As you would expect, when deciding how many warmwater or coolwater fish to stock biologists must consider predator
densities (fish that eat the fish we stock) and availability of various forage organisms (fish and invertebrates that
serve as food for the fish we stock). These elements combine to describe survival of stocked fish of a particular
life-stage. Secondly, biologists must take into account that there is not an "unlimited supply" of warmwater
and coolwater fish for stocking and when earlier life stages produce target angling catch rates then these "less
expensive" life stages should be used. Finally, since most warmwater and coolwater fish are "pond reared" the
vagaries of weather play a role in production which may limit availability of a particular life stage in some years.
To account for production variability biologist request warmwater fish at a "base rate" a minimum number
of fish per surface acre of lake or river section to stock. Biologists also have the option of requesting "supplement
rates" which describe the additional number to stock in years when available. Since we can not predict with high
accuracy the exact number to be produced we don't publish the number we
"intend" stock rather we report the total we actually stocked at the end of the year (after the fish have
Earlier I mentioned that biologists stock more smaller fish (fry) than large fish (fingerlings) to produce a predetermined
amount of fishing recreation. For example walleye fry are stocked at a base rate maximum of 750 per acre of water
and walleye fingerings are stocked at a base rate maximum of 20 per acre to produce similar levels of fishing recreation.
This does not necessarily mean we can substitute fry at 750 per acre for fingerling stocked at 20 per acre, an accounting
of biological and physical conditions at a lake, river, or stream requires consideration before a particular life
stage is chosen. Survival of a particular life stage is a function of the species stocked and the characteristics
of the water into which the species is stocked. Generally we stock at rates that produce a pre-determined angler catch
rate or predetermined assessment catch rate (net or electrofishing catch rate), we have never had the opportunity
to measure the total number of fish that survive to be caught by anglers from a particular life stage stocked.
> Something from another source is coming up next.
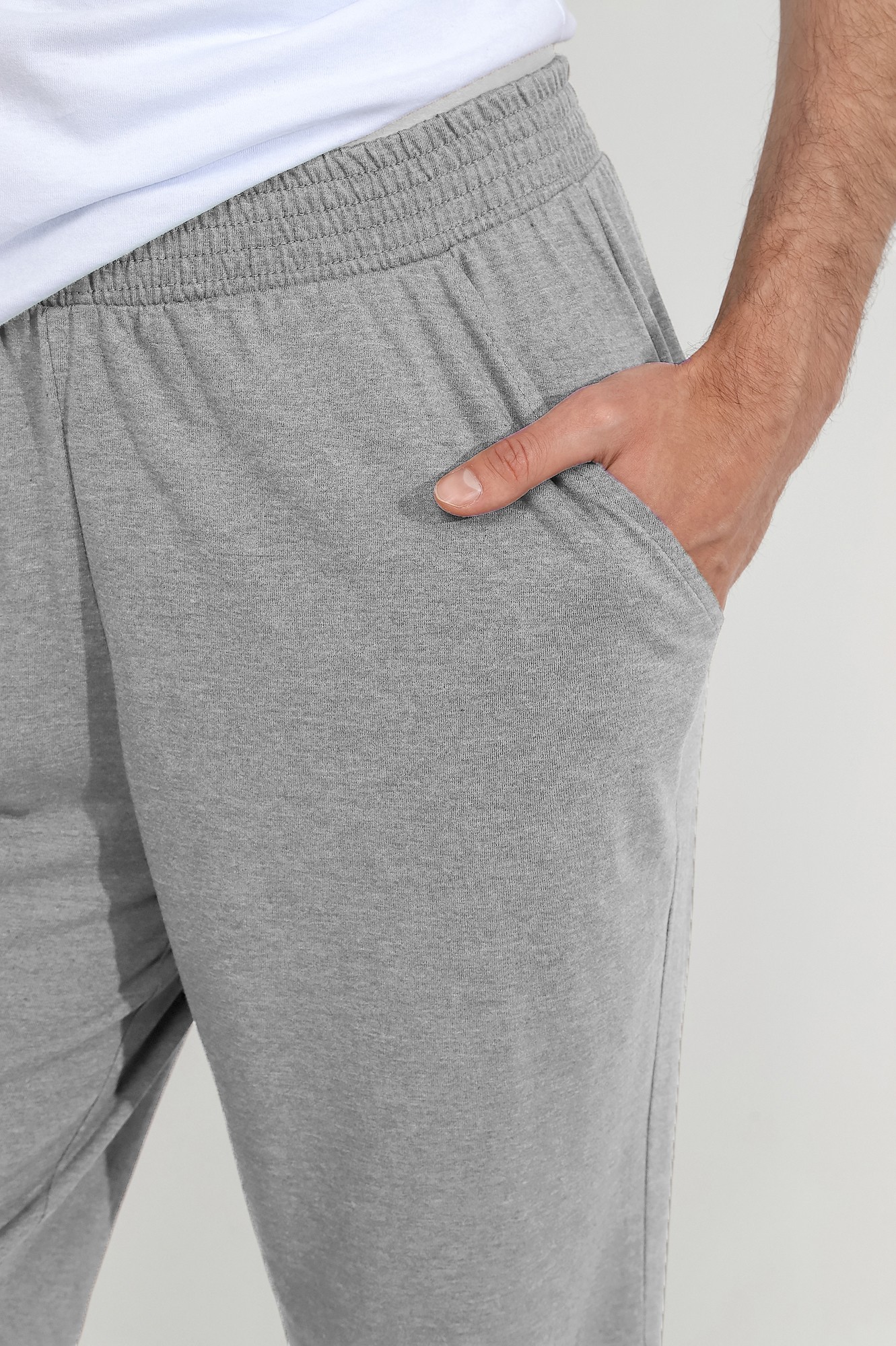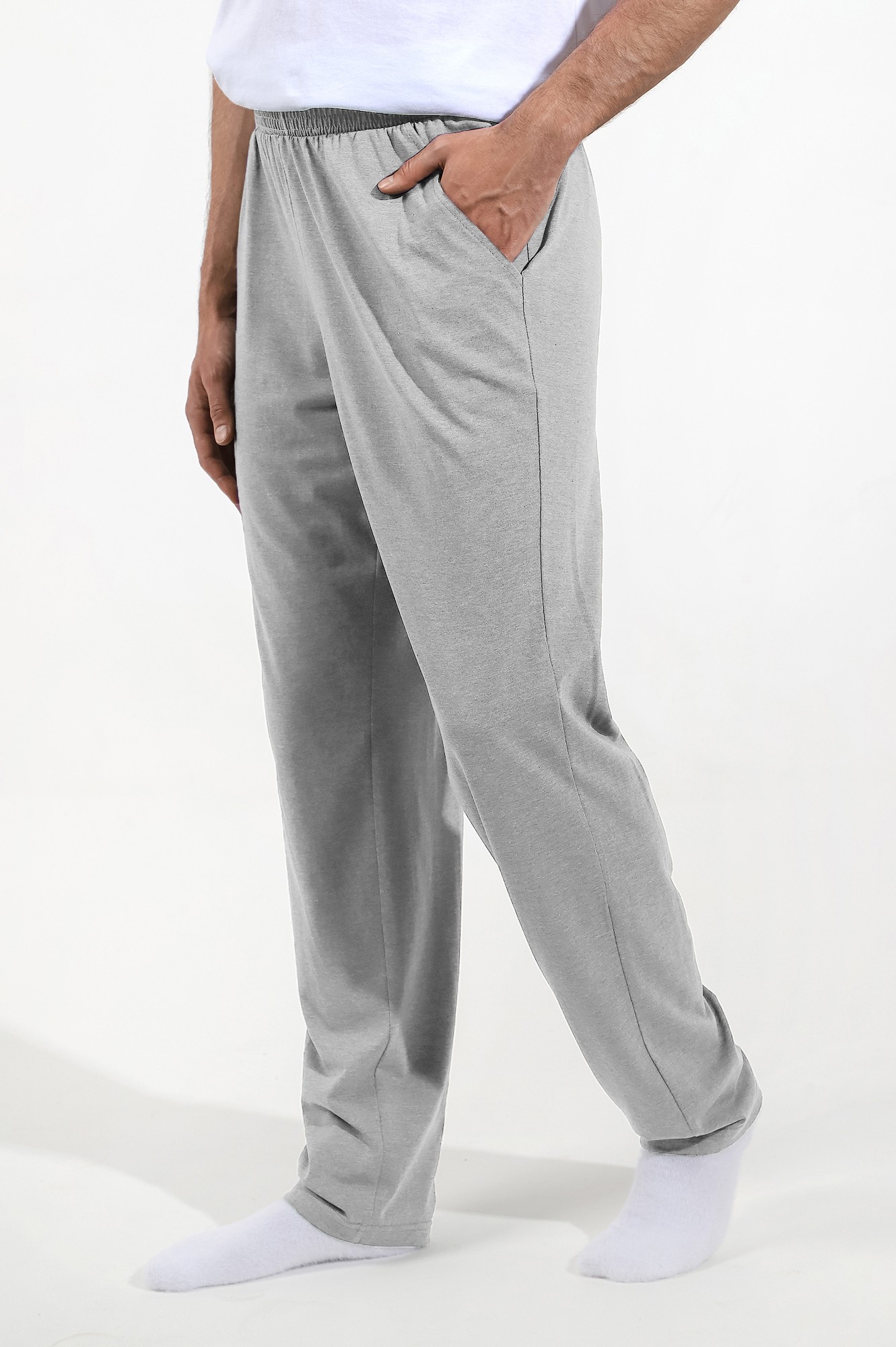 Брюки мужские из меланжированного трикотажного полотна "кулирка", прямого силуэта, с карманами в боковых швах, на притачном поясе с эластичной тесьмой внутри. В центре пояса - две обметанные петли , через которые продет шнурок для регулирования степени прилегания шорт по талии.

Of the few studies detailing survival of walleye fry relative to walleye fingerlings, fingerling survival was approximately
35 times greater than that of fry. Anglers must also realize that each water has unique potential to sustain various
quantities of gamefish, with some waters capable of supporting more gamefish than others. The reasons for these differences
are innate, that is geology and land uses within the watershed are different and for the most part cannot be changed
or cannot be changed easily. Those more productive waters, as you would expect, are stocked at greater rates because
they can sustain greater quantities of fish.
Of those waters to be stocked as listed on the web site you can presume most waters will be stocked with fingerling
fish, particularly in the case of lakes. Of all species we stock only walleye are stocked as fry (American shad are
stocked as fry as well) and most fry are released into rivers. I hope this gives you greater insight into warmwater
and coolwater stocking in Pennsylvania and clears up any questions you have. Next year we will try to be more explicit
about the life stage scheduled for release, however it will be impossible to detail an exact number planned for stocking,
numbers actually stocked will be detailed in our annual report.